Flying with Needles

I am traveling to New York this week and what came to mind in my packing preparation was RELIEF.  I suddenly realized that packing & traveling is so much easier now that I don’t give myself injections.  When I was diagnosed, my first medication was Copaxone, a daily injection.  It was a great drug actually and I am very lucky that it was available when I was diagnosed all those years ago.  The medication came as a powder that had to be kept refrigerated and I mixed it with saline each night before injecting myself.  Traveling with syringes was difficult enough but keeping the medication refrigerated on international flights was quite an interesting challenge.  After four-ish years on Copaxone I switched to Avonex which is an interferon and is also injected.  This was only a weekly injection (thank G-d!) but it also required refrigeration.

Preparing for a weekend trip now is causing me to look back on the process of packing my medications.  I had to always bring extra doses as a precaution even though that meant the annoyance of having to travel back with the syringes and a cooler.  Everything was packed into a cooler with my prescription information taped to the outside in order to show security.  For international flights I was able to have a crew member keep some extra ice packs in their ice bin for me and just keep trading them for the ones that had already warmed up.  I have to say that I was always very fortunate to find people who would help out and who made this process easier.  Being on a plane for 13 hours and remembering to switch out ice packs every two hours was far from a fun addition to a trip, but I always appreciated having helpful crew members.

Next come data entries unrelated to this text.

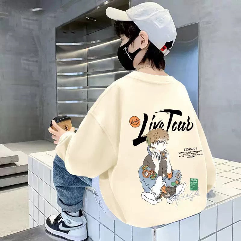 Boys academic cream sweatshirt with live tour back graphic
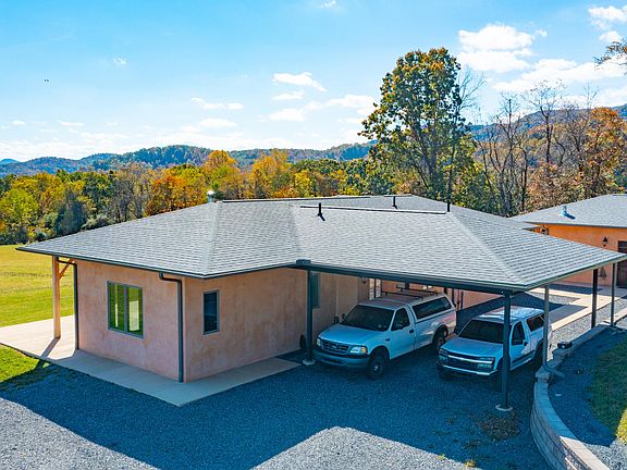 A country road and lane lead to the gated farm. The simple, modernistic lines of the home and matching guest cottage, and the large solar panel array behind them announce that this isn't a traditional rural property. The home's walls utilize hempcrete, a unique breathable material that is mold and rot resistant, and the exterior walls are finished with an attractive earth-tone stucco. The roof has architectural shingles. A large carport with recessed lighting is incorporated in the structure.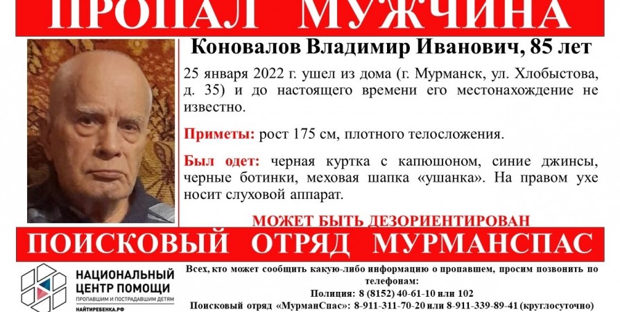 Всех, кто обладает какой-либо информацией, просят сообщить об этом в полицию или в поисковый отряд «МурманСпас».

Oh and I almost forgot, packing the syringes and keeping them cold was hardly the only challenge to traveling with MS.  I often had to give myself my injections in flight!  I would love to say that those experiences were made easier when I had family with me but to be honest, only one person comfortably fits in an airplane bathroom, at least when there is a needle involved….  If you think running with scissors is bad, just imagine what can happen when flying with needles!  Needles and turbulence don’t exactly mesh well together!  The only difference with in flight injections when I was with family, was that I could inject from my seat rather than the bathroom.  My parents would stand in the aisle and hold up a blanket to provide some privacy while I relied on the terrible reading light to inject my thigh, hip, or stomach mid-flight.  This certainly gave me more space than the bathroom and allowed me to have a steadier hand in case of any turbulence.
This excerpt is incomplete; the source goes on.